EXERCISE DESCRIPTION: Extract, from the records beneath this instruction, each line that contains the word "تبون".

[Stored dataset items]
*** Block opens ***

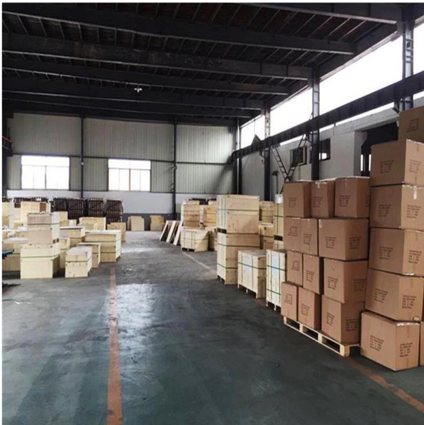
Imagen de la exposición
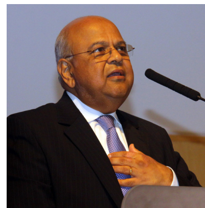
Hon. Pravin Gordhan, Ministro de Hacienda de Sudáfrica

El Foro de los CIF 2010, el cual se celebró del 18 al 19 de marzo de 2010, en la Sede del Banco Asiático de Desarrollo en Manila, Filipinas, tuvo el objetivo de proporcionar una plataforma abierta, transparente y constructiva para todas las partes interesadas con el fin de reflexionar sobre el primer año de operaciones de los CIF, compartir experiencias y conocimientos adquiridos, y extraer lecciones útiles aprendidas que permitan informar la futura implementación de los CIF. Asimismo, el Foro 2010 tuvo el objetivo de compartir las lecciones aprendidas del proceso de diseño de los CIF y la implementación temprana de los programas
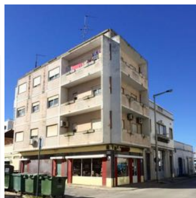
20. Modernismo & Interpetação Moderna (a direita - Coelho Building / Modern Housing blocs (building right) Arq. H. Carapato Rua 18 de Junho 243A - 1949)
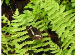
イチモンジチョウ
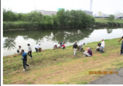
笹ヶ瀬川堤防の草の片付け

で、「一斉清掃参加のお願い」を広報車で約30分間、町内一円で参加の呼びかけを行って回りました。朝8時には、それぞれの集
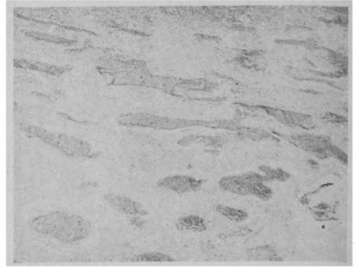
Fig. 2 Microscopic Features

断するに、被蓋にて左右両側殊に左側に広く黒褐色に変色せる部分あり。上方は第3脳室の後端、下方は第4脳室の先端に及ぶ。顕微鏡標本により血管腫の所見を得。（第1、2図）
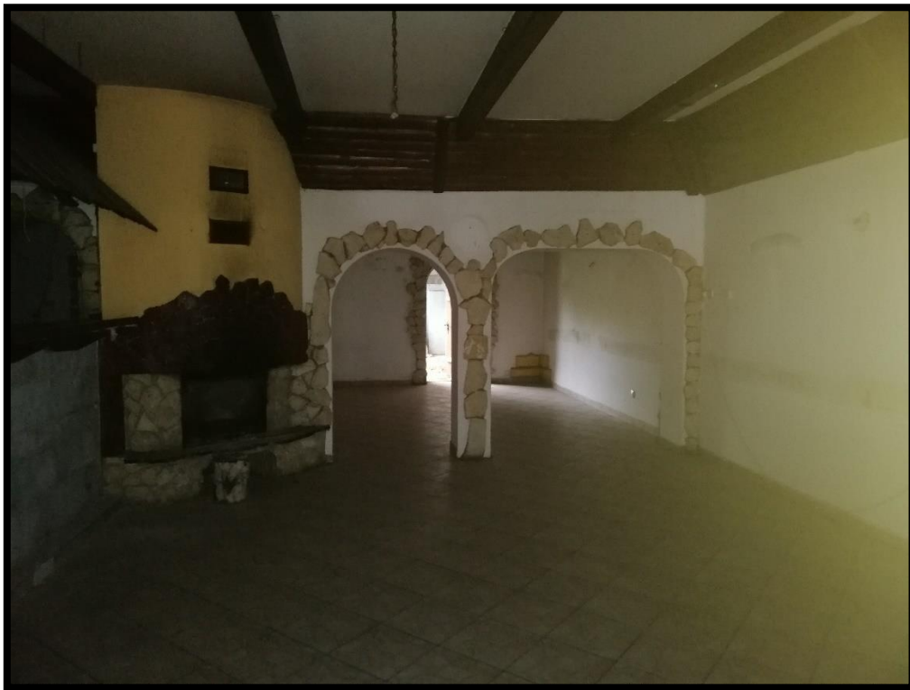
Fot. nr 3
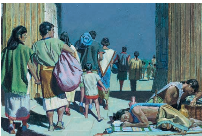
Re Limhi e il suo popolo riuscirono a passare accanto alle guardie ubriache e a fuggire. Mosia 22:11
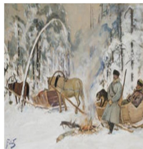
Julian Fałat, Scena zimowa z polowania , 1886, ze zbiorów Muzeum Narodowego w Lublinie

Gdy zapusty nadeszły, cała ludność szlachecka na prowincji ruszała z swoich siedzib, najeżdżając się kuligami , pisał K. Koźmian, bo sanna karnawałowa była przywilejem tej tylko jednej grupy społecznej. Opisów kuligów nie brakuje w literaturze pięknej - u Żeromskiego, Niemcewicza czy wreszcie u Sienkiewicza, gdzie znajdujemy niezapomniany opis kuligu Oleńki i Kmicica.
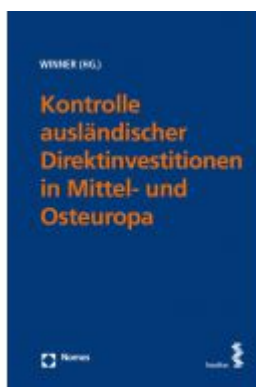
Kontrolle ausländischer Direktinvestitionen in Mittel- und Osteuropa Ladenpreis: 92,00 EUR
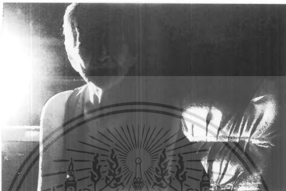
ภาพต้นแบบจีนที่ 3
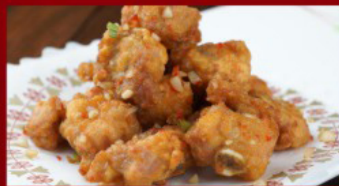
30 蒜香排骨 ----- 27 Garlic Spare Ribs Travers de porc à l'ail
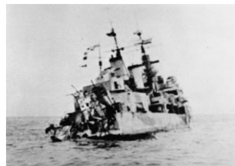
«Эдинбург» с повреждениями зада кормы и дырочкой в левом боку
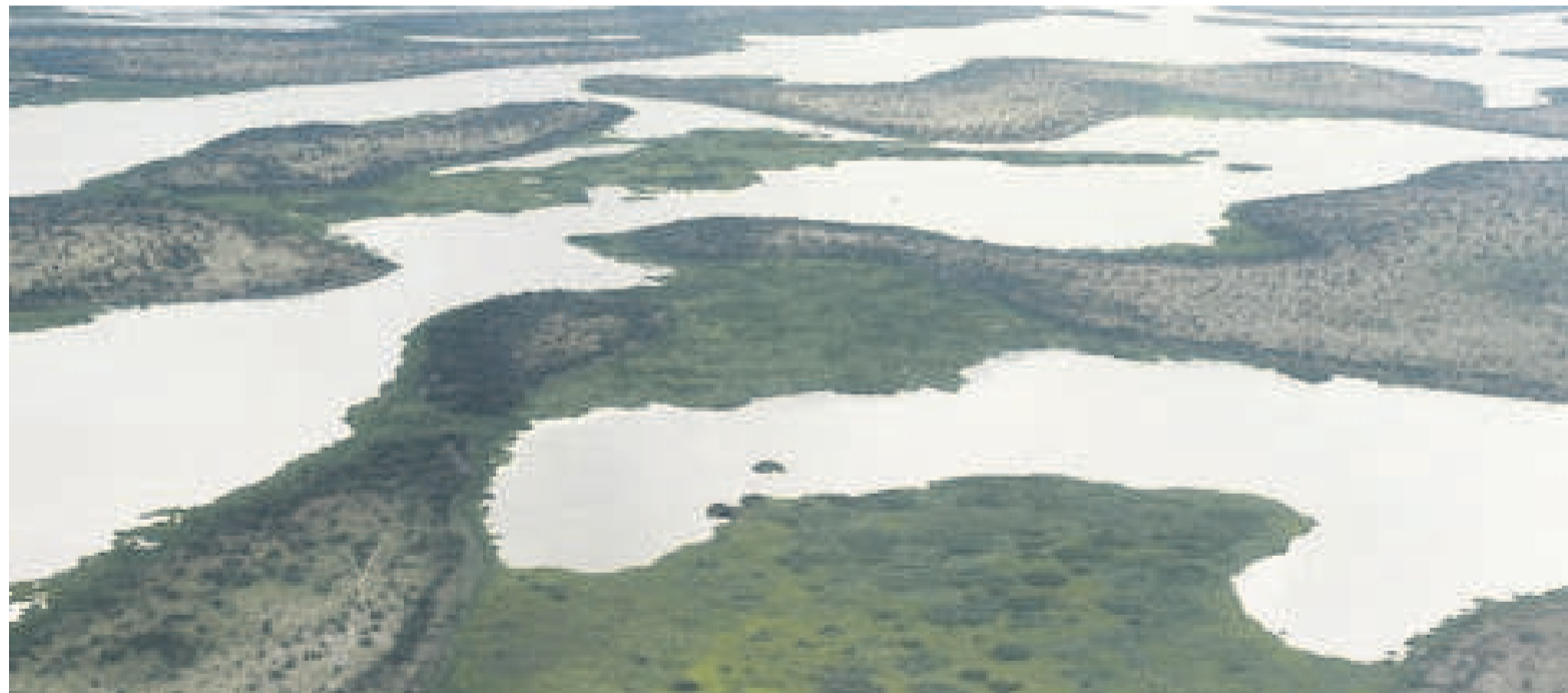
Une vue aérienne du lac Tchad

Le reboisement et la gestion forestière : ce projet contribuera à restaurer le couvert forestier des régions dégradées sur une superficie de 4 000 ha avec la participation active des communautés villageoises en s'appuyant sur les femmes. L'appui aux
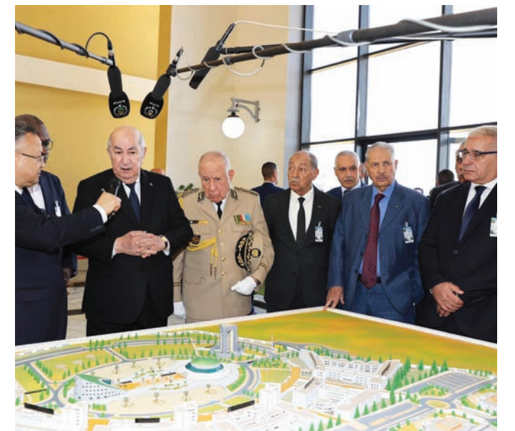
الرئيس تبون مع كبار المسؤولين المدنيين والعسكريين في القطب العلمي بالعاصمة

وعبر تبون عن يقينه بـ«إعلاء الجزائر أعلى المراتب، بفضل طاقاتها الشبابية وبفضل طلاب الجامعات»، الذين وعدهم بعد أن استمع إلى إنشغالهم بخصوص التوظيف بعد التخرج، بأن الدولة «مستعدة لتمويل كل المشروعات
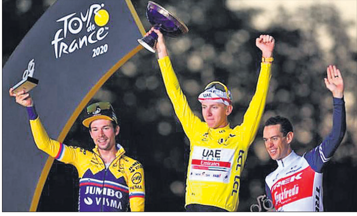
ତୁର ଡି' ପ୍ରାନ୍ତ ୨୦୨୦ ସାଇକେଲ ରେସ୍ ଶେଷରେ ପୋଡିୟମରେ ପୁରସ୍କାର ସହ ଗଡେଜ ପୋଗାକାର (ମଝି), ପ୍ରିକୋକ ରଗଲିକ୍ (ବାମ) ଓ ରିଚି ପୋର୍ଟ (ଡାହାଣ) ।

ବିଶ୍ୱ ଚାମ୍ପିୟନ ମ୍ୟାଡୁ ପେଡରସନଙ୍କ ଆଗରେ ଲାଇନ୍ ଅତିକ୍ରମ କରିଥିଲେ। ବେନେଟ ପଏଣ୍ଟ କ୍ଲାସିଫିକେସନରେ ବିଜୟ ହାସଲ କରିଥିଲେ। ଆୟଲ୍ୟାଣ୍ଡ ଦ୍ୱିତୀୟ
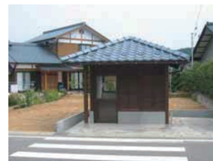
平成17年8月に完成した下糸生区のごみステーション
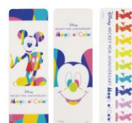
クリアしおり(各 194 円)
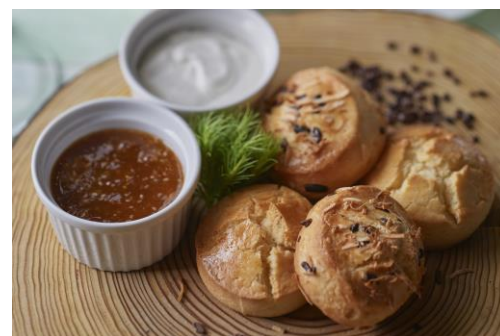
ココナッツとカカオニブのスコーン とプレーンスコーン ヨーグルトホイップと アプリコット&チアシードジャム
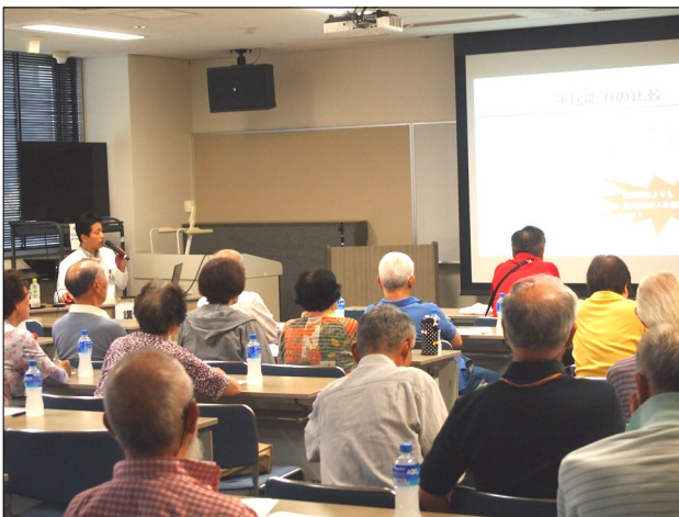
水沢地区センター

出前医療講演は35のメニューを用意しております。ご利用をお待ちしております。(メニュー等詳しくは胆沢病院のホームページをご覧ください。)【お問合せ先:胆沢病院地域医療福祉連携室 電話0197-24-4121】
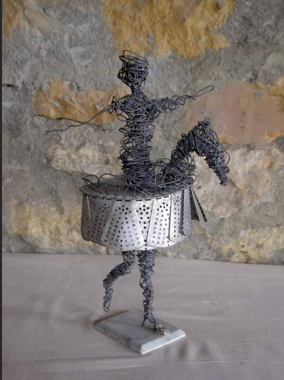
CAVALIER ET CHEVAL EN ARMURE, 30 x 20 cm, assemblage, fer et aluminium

*** Block closes ***

ANSWER TO THIS EXERCISE:
الرئيس تبون مع كبار المسؤولين المدنيين والعسكريين في القطب العلمي بالعاصمة
وعبر تبون عن يقينه بـ«إعلاء الجزائر أعلى المراتب، بفضل طاقاتها الشبابية وبفضل طلاب الجامعات»، الذين وعدهم بعد أن استمع إلى إنشغالهم بخصوص التوظيف بعد التخرج، بأن الدولة «مستعدة لتمويل كل المشروعات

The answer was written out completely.